== Records provided ==
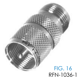
FIG. 16 RFN-1036-1
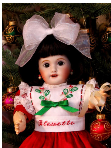
Cherie Limoge $350.00
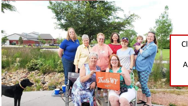
Club’s Summer picnic at Romero Park - A very busy time of the year!
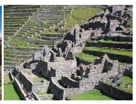
Day 14: CUSCO / LIMA
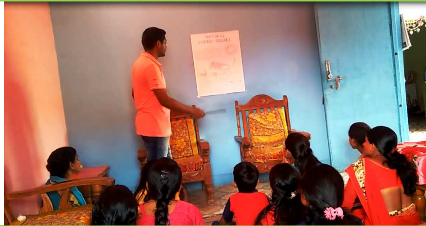
Student of B.Sc. Second year explained concept of renewable energy sources and E-waste management to Society Members.
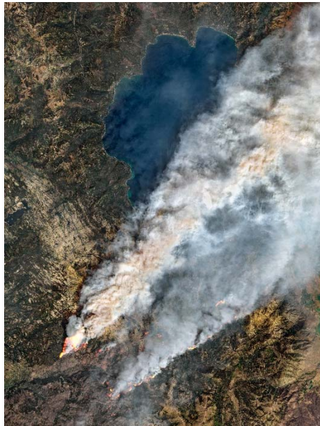
Collaborative wildfire actions spared Tahoe communities from the 2021 Caldor Fire.

With the growing severity, length, and intensity of wildfire seasons, forest managers and fire agencies at every level have been looking hard at the efficiency of forest management
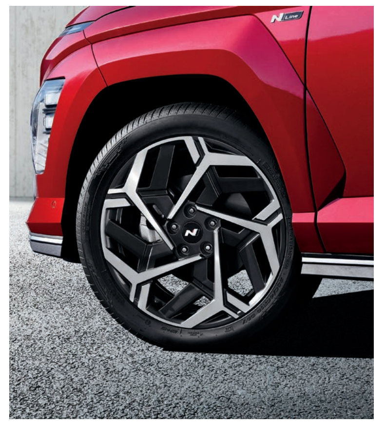
N Line-exclusive 18-Inch alloy wheels / Body-colored cladding

== What you are asked to do ==
Every last line above must be reproduced as written, and no pictures belong in the copy.

== Task output ==
FIG. 16 RFN-1036-1
Cherie Limoge $350.00
Club’s Summer picnic at Romero Park - A very busy time of the year!
Day 14: CUSCO / LIMA
Student of B.Sc. Second year explained concept of renewable energy sources and E-waste management to Society Members.
Collaborative wildfire actions spared Tahoe communities from the 2021 Caldor Fire.

With the growing severity, length, and intensity of wildfire seasons, forest managers and fire agencies at every level have been looking hard at the efficiency of forest management
N Line-exclusive 18-Inch alloy wheels / Body-colored cladding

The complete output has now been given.